Muscle Channelopathies Flashcards
What is myotonia
Inherited Hyper-excitability of skeletal muscle Muscle stiffness Lots of inappropriate APs Muscles take longer to relax Myotonic seizures- whole body contraction, can be brief or prolonged and of varying severities
Is myotonia fatal
Not in itself, but if a seizure happens at the wrong time this can cause secondary injuries which could lead to death
What are the two main classes of Myotonia
Myotonia congenita- mutations in CLCN1 gene which produced CLC1 protein (same family as CLCK)- loss of fucntion
Paramyotonia and K aggrevated myotonia- if the patient ingests too much K. Both are associated with gain of function of the Nav1.4 protein
What are the two main classes of myotonia congenita?

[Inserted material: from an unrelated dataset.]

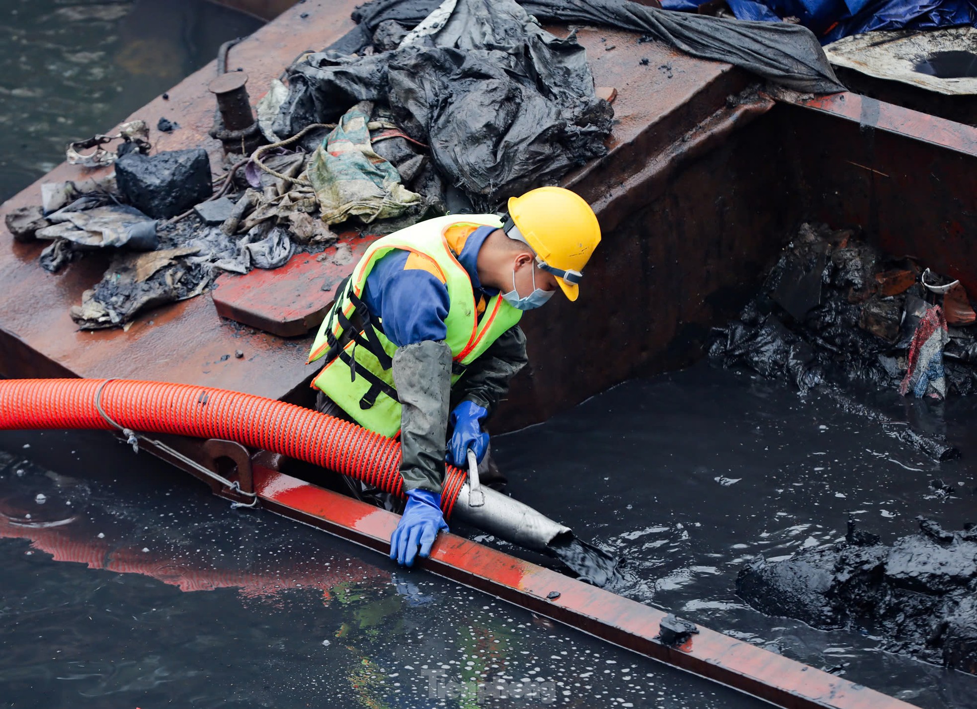 22/02/2025 00:37Ngâm mình dưới nước đen, nạo vét bùn sông Tô Lịch

Thomson’s autosomal dominant
Becker’s autosomal recessive
Mutations are in the same gene, depends on where the mutation is as to which type you get
Why do myotonic seizures occur?
Due to an emotional response- when the patient gets scared
What is the role of CL in the muscle action potential?
The Nersnt for Cl is -70mV
If there is a high conductance at rest which helps K set up the resting membrane potential
What is the role of the CLC1 protein?
As membrane potential depolarises, the Cl channels increase in open probability and Cl conductance increases to pull the membrane back to the resting potential.
Affects the incidence of APs.
What is the effect of mutating the CLC1 channel?
Open probability of much less at the same voltage in the WT.
At resting in WT- 50% of channels are open
In mutants approx 5%.
They are functional but they just don’t function in the normal way. The channels are still voltage dependent- just require a bigger depolarisation to open.
Muscle fibres are hyper-excitable as a result
What affect does the mutated CLC1 channel have on the action potential?
ACh levels which would not normally result in an AP do.
Frequency also increased
What is the treatment for Myotonia?
Mexiletine. This inhibits Na open phase, and this will decrease the likelihood of an AP firing.
Give a sub-maximal dose however- do not want to inhibit muscles completely
What channel is mutated in Paramyotonia and what is the effect of this?
Gain of function in Nav1.4.
Nav in the muscles activate and then inactivate.
Patients have issues with the inactivation gate. Channels fail to close so they get a prolonged depolarisation and thus prolonged contraction of the muscle. They seem to be temperature sensitive
What is the effect of cold in Paramyotonia?
Experiments showed that in the cold, the muscle had higher Na concentrations.
The cold slows down the kinetics of channel so there is a greater period of time that the Na can move into the muscle (channel is open for longer time).
In myotonic fibres- higher Na concs because the Nav1.4 is more sensitive to cold.
What is malignant hyperthermia
Autosomal dominant
Abnormal response to GAs.
80% death rate
Within minutes the patient is in critical condition after administering GAs
What are the symptoms of malignant hyperthermia
Tachycardia Tachypnea- increase in breathing rate Muscle rigidity Low plasma O2 which induces anaerobic respiration Hypertherimia (if over 42- dead due to denatured proteins) Sweating Acidosis Shift in BP
Why is there acidosis in Malignant hyperthermia?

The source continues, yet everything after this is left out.